Жоржи Амаду - Каботажное плавание
— Жоржи, латиноамериканский писатель, если он дожил до определенного возраста и не полный олух, должен последовать твоему примеру и купить себе квартиру в Париже, — и он диктует мне свой адрес и телефон.
Рио, 1946
Новоизбранные члены палаты депутатов и сената образовали конституционную комиссию, и, покуда налаживалась ее работа, в течение целой недели всходили на трибуну представители разных фракций и партий, произносили речи во славу демократии. Всех уже не помню, но выступление Отавио Мангабейры врезалось мне в память. Это было истинное произведение ораторского искусства, каскад блестящих импровизаций, исполненных с подлинным артистизмом и мастерством. Впрочем, вскоре выяснилось, что Отавио свои речи сначала пишет, потом правит и шлифует, потом учит наизусть и произносит перед зеркалом, отрабатывая жестикуляцию и модуляцию. И только потом дарит восхищенным парламентариям очередной экспромт.

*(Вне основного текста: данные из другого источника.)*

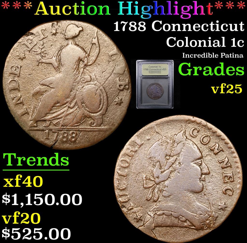 ***Auction Highlight*** 1788 Connecticut . . Colonial Cent 1c Graded vf+ By USCG.
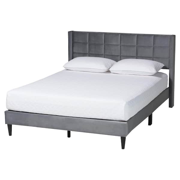 Payne Gray Velvet and Wood Frame Queen Platform Bed
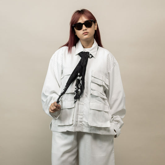 NOMIZU SHIRT STRIPES WHITE

Говорить от имени коммунистической фракции на этом пиру парламентской риторики доверено было Клаудино Жозе да Силве — первому настоящему чернокожему, ставшему депутатом Федерального собрания. Это был человек малограмотный, читал по складам, и при этом он, как бывает с самородками, обладал настоящей интеллигентностью, видимо, врожденной. У него был один-единственный костюм, одна рубашка, но он слыл чуть ли не самым элегантным парламентарием, а по просвещенному мнению Иветты Варгас, не «чуть ли», а самым элегантным.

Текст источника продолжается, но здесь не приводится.